A second, related, meaning is the kinds of thinking required to convert a complex real-world problem into something that can be solved on a computer. This requires a good knowledge of coding and the capabilities of computer systems, but is isn’t exactly the coding process as such: it is the process required to get to the point where the task is obvious to an experienced coder. These are the kind of tasks that are found in the Bebras problem sets, for example. We have found these very effective in checking whether people have the skills in abstraction and systematisation that are needed before attempting to learn to code; they test the kinds of things that are needed in computational thinking without requiring actual computing knowledge.

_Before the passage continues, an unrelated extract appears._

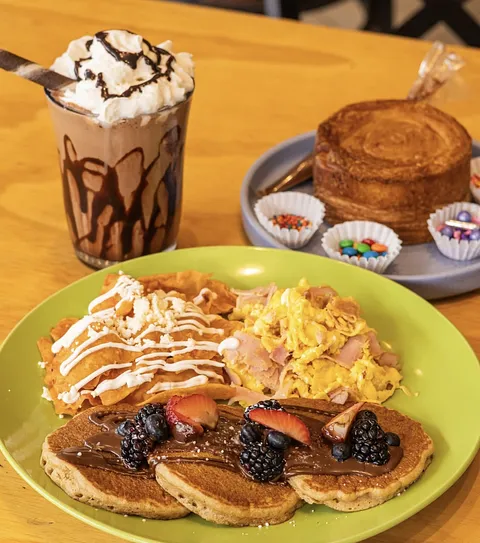 Huevo revuelto a elegir: natural, jamón o tocino. 3 piezas de mini hotcakes, coronados con berries y crema de avellana. Y una porción de chilaquiles rojos o verdes.

A thought that occurred to me today is that these problems provide a really good challenge for artificial intelligence. Despite being described as “computational thinking” problems, they are actually problems that test the kind of things that computers cannot do—the interstitial material between the messy real world and the structured problems that can be tackled by computer. This makes them exactly the sort of things that AI ought to be working towards and where we could gain lots of insight about intelligence. One promising approach is the “mind’s eye” visual manipulation described by Maithilee Kunda in this paper about visual mental imagery and AI.

Lift and What?!

September 12th, 2018

Your current SQL Servers can lift and shit without seeing any change,

Scared (1)

September 11th, 2018

As we approach the beginning of term, and a new cohort of students joining our universities, it is worth remembering that a decent number of our new students are arriving frightened of us, or assuming that we will look down on them. I think that the comment here, from a student admissions forum, is not untypical:
You never feel like you're inferior to the seminar leaders (despite their PhDs!) and nearly all of them are genuinely nice people.
It is important, in our first few interactions with them, to make it clear that this isn’t the case.


August 28th, 2018

What happens if you wrap an Engagement Chicken inside a Hand-knitted Sweater?